Expertise is learning

This recent tweet resonated with people:

An expert is someone who keeps learning even when learning is harder to find.
Moi

I’m hesitant to claim expertise about much of anything — not least because being an expert doesn’t imply continuing to be an expert — but I’ll readily admit to being pretty good, when faced with a problem, at learning whatever I need to learn to solve it. If I’m expert at anything, it’s that.

Debugging is learning

This less recent tweet of similar form resonated with considerably fewer people:

A bug is a mental-model mismatch. Your mental model of the code is a cache. To debug well, clear your cache.
Moi aussi

A bug is when we thought we knew something and it turns out we don’t. So debugging, by definition, is learning: figuring out what we don’t know, then problem-solving our way to knowing it.

I can’t stand debugging

I like things I’m good at. I’m good at learning. I hate debugging. Let’s debug that.
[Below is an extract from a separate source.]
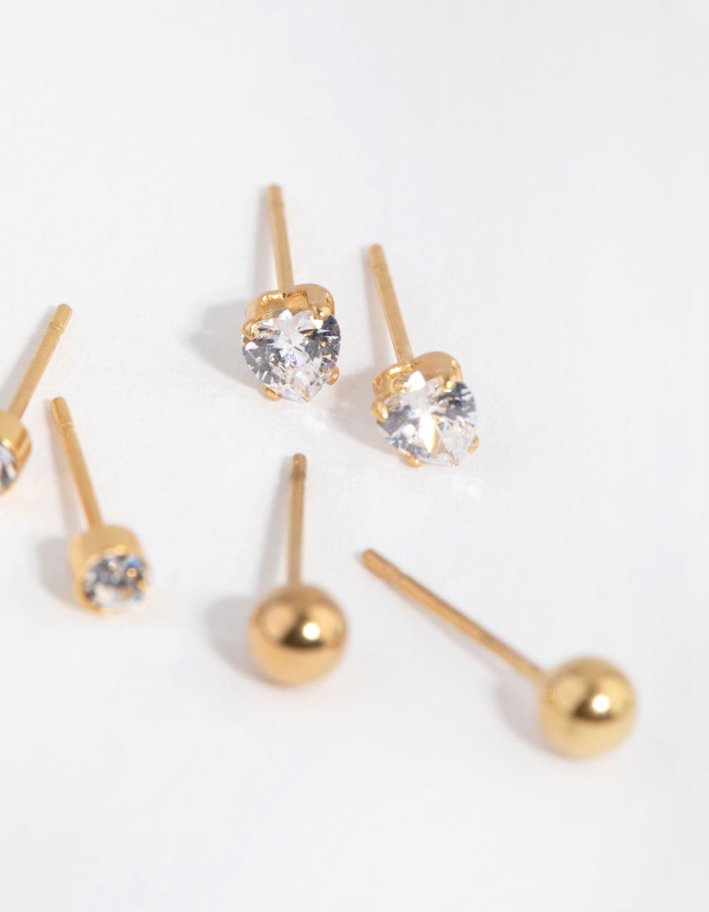 Be spoiled for choice with this set of three pairs of dainty titanium studs that have been plated with genuine 24-carat gold. This set features a cute heart design as well as simple diamante and polished ball studs. Stack and layer to your heart's content.

If we need an extended debugging session, we’ve screwed up. We’ve arranged to have no idea how close we are until we’re suddenly done — if we’re ever done. We’ve arranged to spend an indeterminate, unbounded amount of time and patience to learn something very crucial and small, late in the game, when it’s expensive.

Had we arranged to spend a tiny bit more time and patience earlier, we could have been directing our efforts much more productively (and predictably) now. But here we are, debugging. If I can’t get over my revulsion at having put ourselves in this situation, I compound the cost. So I’ve learned to get over it and on with it.

I’m okay at debugging

I have no particular skill with debugging tools. I do have particular skill at developing software in a way that minimizes the need for debugging. Sometimes my ego-wires get crossed and I’ll take pride directly in my lack of skill with debuggers. Whoops!

Even though I can’t stand debugging, it is learning and for that reason I am (if I can get out of my own emotional way) somewhat skilled at it.

Debugging even when debugging is harder to do

When my niece is ideating, she says “How about this?” Sometimes more than once, to buy time, and perhaps also to generously prepare me to board her flight of fancy.

How about this? There’s a bug. If we don’t fix it, a whole bunch of related functionality that is very valuable (and urgently needed) is fairly useless. So we need to fix it.

We didn’t write any of this code. We have only a surface familiarity with the problem domain and the system architecture. We are, nonetheless, going to be the ones working on this bug.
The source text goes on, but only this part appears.